Hi.
I am starting prototyping effort of add native multi-threading support to Squeak. Any suggestions, hints, advice would be appreciated.
Just a few days ago I started thinking about the same thing. For me, the main reason behind this is that I have a 2 processor computer. And if I had access to an n processor machine, and if I was able to run Squeak on it, I would like to take advantage of parallel processing.
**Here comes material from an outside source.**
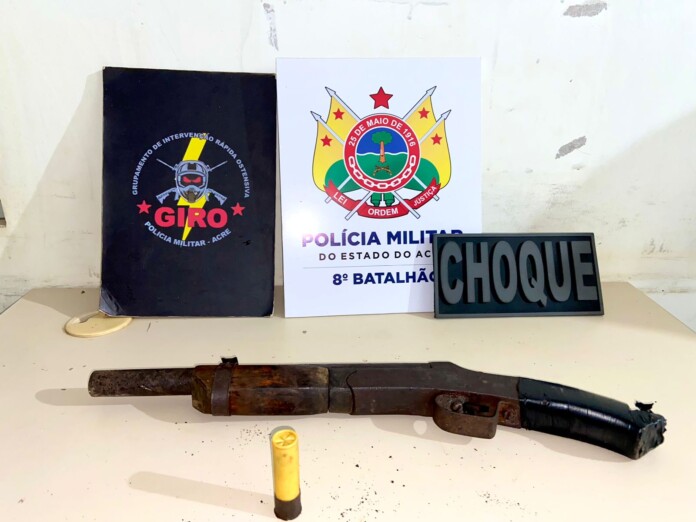 Uma denúncia anônima levou os militares a um endereço, onde segundo informações, um jovem estaria manuseando uma arma de fogo. As equipes conseguiram localizar e apreender o armamento, uma espingarda calibre 20. O adolescente recebeu voz de apreensão e foi encaminhado à delegacia.

First of all, I targeted the virtual machine for making it able to run on multiple processors at once. I thought that the virtual machine was some kind of cpu I already knew, like the i80386++, the 68xxx and so on. So, as I knew all those, I concluded that I could use the same tricks the guys at Intel and Motorola came up with to improve performance on their processors, but now on the virtual machine. I thought it would be nice to implement the following things:
vm1) To split the virtual machine into synchronized core parts. The first two parts I thought of were the fetch-execution thing. If one process was dedicated to look ahead for byte codes, while another one actually executed them, things would go faster (twice, like). This is exactly what the Intel guys did on the 80486 and then on all the pentiums. They gave it a different name, like Branch Prediction Buffer or so. They guess what will a jump instruction do, and tell the prefetch queue to fill itself as if the jump instruction had been executed in the predicted way. Here the picture becomes clearer. Because usually the time consuming instructions are message sends. So, just by keeping track of the methods that could be executed before the virtual machine asks for them will improve performance.
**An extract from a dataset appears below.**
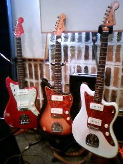 写真はライブでは使わないけどレコーディングで使っているジャズマスター達(ライブは湿気や温度やぶつけたりや盗難が怖いので)。右から61年製白、64年製サンバースト、64年製キャンディアップルレッド。ギターはひとつひとつ個体差があって音が違うので曲や他のメンバーの音に合わせて使いわけている。というのは建て前でただ自慢したかっただけの写真になってしまったようだが実はそのとおり。でもひとつひとつ個体差があって音が違うので曲や他のメンバーの音に合わせて使いわけているというのは本当だけど。いやージャズマスターはまじでいいね!見た目がいいよね!音も最高にいいね!!

vm2) To optimize the instruction set. This is a rather under development idea. The fetcher could as well translate the byte codes into some other representation that allowed faster execution (like actual native code, for instance). I don't know much about byte codes, but from what I've seen on compiled methods, pushes, pops and returns tend to occur in almost every method. We could gain extra performance if we made the virtual machine superscalar as well. To allow for that, we could take a look at the independence of consecutive byte codes, and if independent, execute them both at the same time through instruction pipelines (real machine threads). This is done on all Pentiums and also a lot of other chips. It would be great to find a way of deciding if two consecutive message sends are independent of each other or not.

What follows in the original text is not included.